> WHAT THE EXERCISE ASKS: Return the entries exactly. Images are not part of the copy.

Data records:

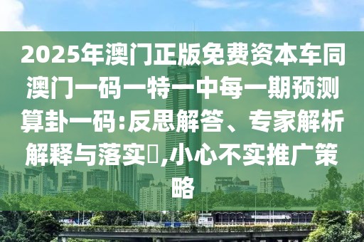 2025年澳門正版免費資本車同澳門一碼一特一中每一期預(yù)測算卦一碼:反思解答、專家解析解釋與落實?,小心不實推廣策略
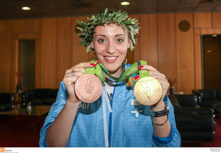 Η 20χρονη Δραμινή σκοπεύτρια με τα δύο μετάλλια στο λαιμό της, υπέγραψε αυτόγραφα, φωτογραφήθηκε και απόλαυσε τις στιγμές με το χαμόγελο ζωγραφισμένο στο πρόσωπό της.
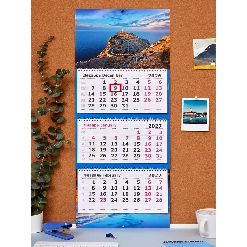 Календарь настенный 3-х блочный 2026-2027 Attache Переверт.два года,305х710
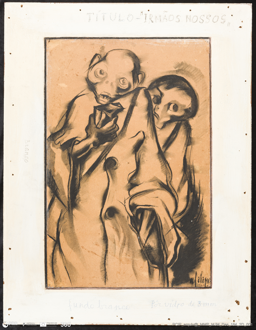 Matéria/Técnica: Carvão sobre papel; Cronologia: 1944; Autoria: Manuel Filipe; Dimensões: 51 x 33,5 cm.
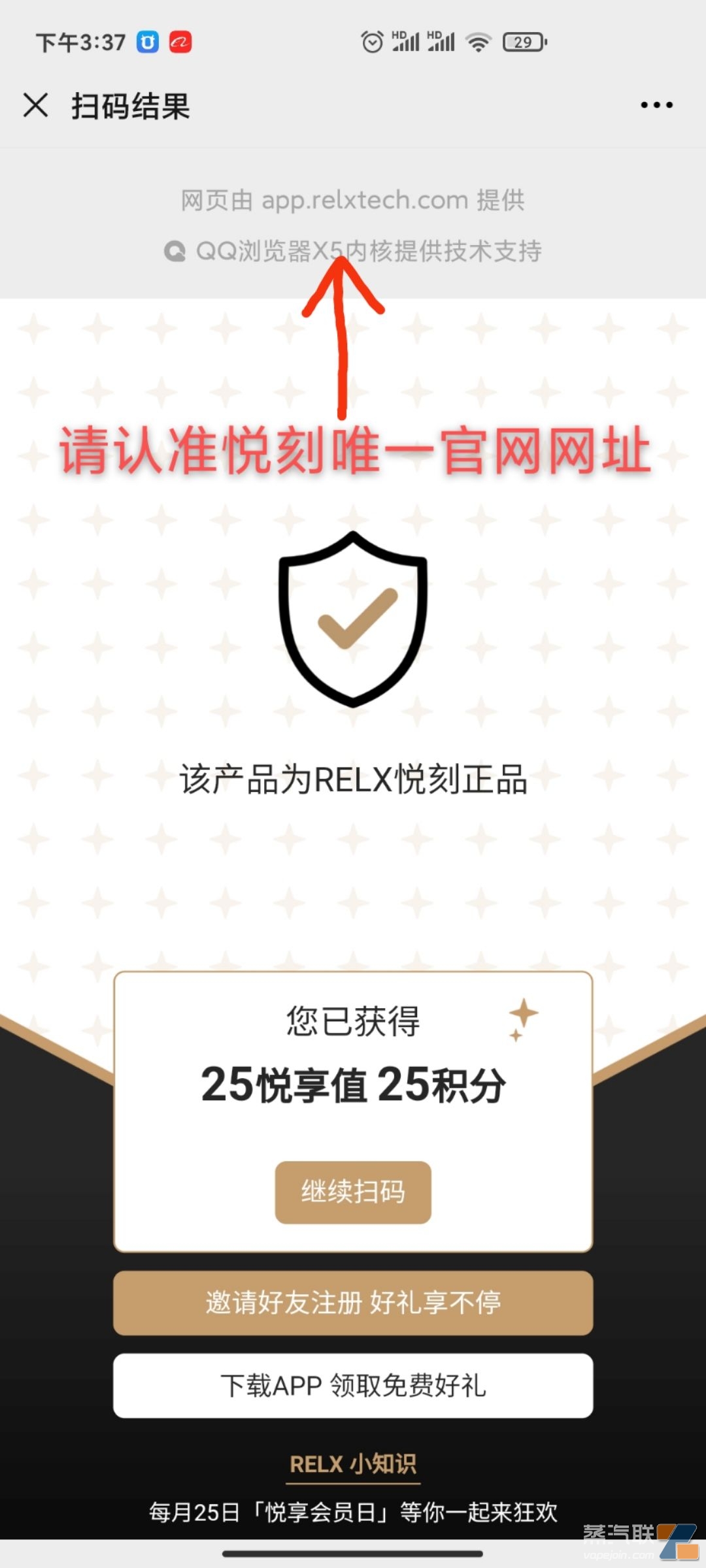 上面这张图片就是relx悦刻官方生产的电子烟烟弹扫码所出现的界面,界面上有显示扫码获取了什么产品,并且扫码后将页面往下面拉可以看出官方网址app.relxtech.com

> ANSWER BELOW:
 2025年澳門正版免費資本車同澳門一碼一特一中每一期預(yù)測算卦一碼:反思解答、專家解析解釋與落實?,小心不實推廣策略
 Η 20χρονη Δραμινή σκοπεύτρια με τα δύο μετάλλια στο λαιμό της, υπέγραψε αυτόγραφα, φωτογραφήθηκε και απόλαυσε τις στιγμές με το χαμόγελο ζωγραφισμένο στο πρόσωπό της.
 Календарь настенный 3-х блочный 2026-2027 Attache Переверт.два года,305х710
 Matéria/Técnica: Carvão sobre papel; Cronologia: 1944; Autoria: Manuel Filipe; Dimensões: 51 x 33,5 cm.
 上面这张图片就是relx悦刻官方生产的电子烟烟弹扫码所出现的界面,界面上有显示扫码获取了什么产品,并且扫码后将页面往下面拉可以看出官方网址app.relxtech.com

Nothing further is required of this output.